Black And Hispanic Students Punished More Severely Than White Counterparts

“Racial disparities in school suspension rates are almost entirely the result of differing rates of misbehavior within different demographics, not school officials’ racism,” Hans Bader, senior attorney at the Competitive Enterprise Institute, wrote in a May 20 post on the blog of the libertarian think tank.

He cited a new study in the Journal of Criminal Justice in which a team of criminologists and academics concluded that differences in rates of suspension between racial groups “appear to be a function of differences in problem behaviors that emerge early in life, that remain relatively stable over time, and that materialize in the classroom.”

“[S]chool disciplinary rates may also reflect the problematic behaviors of black youth,” the study said.

Bader also argues that the belief that stringent school discipline policies result in large relative racial differences in suspensions “is exactly the opposite of reality.
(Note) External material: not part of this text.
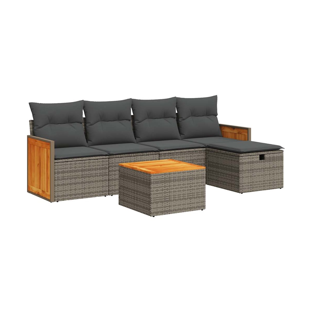 Este conjunto de sofás de jardín es el complemento perfecto para el jardín, terraza o patio, ya que proporciona un espacio confortable y acogedor para charlar con familiares y amigos o simplemente relajarte y disfrutar del aire libre. Material duradero: El ratán sintético, también conocido como ratán sintético, es un material sintético resistente y de bajo mantenimiento que se parece al ratán natural. Es ligero, fácil de limpiar y se usa comúnmente para muebles de exterior debido a su durabilidad y propiedades resistentes a la intemperie.Función de almacenamiento con bolsa resistente al agua: Cada asiento de jardín cuenta con un espacio de almacenamiento debajo del asiento, completo con una bolsa resistente al agua para guardar cojines, juguetes y otros artículos. La bolsa interior tiene una cubierta superior y se puede sujetar de forma segura al asiento con cierres de gancho y bucle para mayor estabilidad.Superficie estable y fácil de limpiar: Esta mesa de jardín tiene una superficie de madera de acacia que es resistente, duradero y fácil de limpiar con un paño húmedo.Reposapiés versátil: El taburete es versátil y sirve como un cómodo reposapiés para cuando descanses en el sofá o como asiento adicional en tu jardín.Funda desenfundable y lavable: Estos cojines de asiento cuentan con fundas desenfundables para facilitar el lavado y mantenimiento.Estructura robusta y estable: La estructura de acero con recubrimiento en polvo es fuerte, estable, duradero y resistente a la corrosión y a las inclemencias del tiempo, lo que garantiza un rendimiento duradero. Información útil:Para asegurarte de que tus muebles de exterior se mantengan hermosos, recomendamos protegerlos con una funda impermeable.

Relaxing discipline standards and otherwise reducing discipline rates leads to larger, not smaller, relative differences in discipline rates.”

In the long run, he warned, threatening school districts with civil rights investigations for “racially disparate impact” in discipline will not eliminate harsh zero-tolerance policies but “reinforce them, since for all their warts, they have less ‘disparate impact’ than alternative, less rigid disciplinary rules.”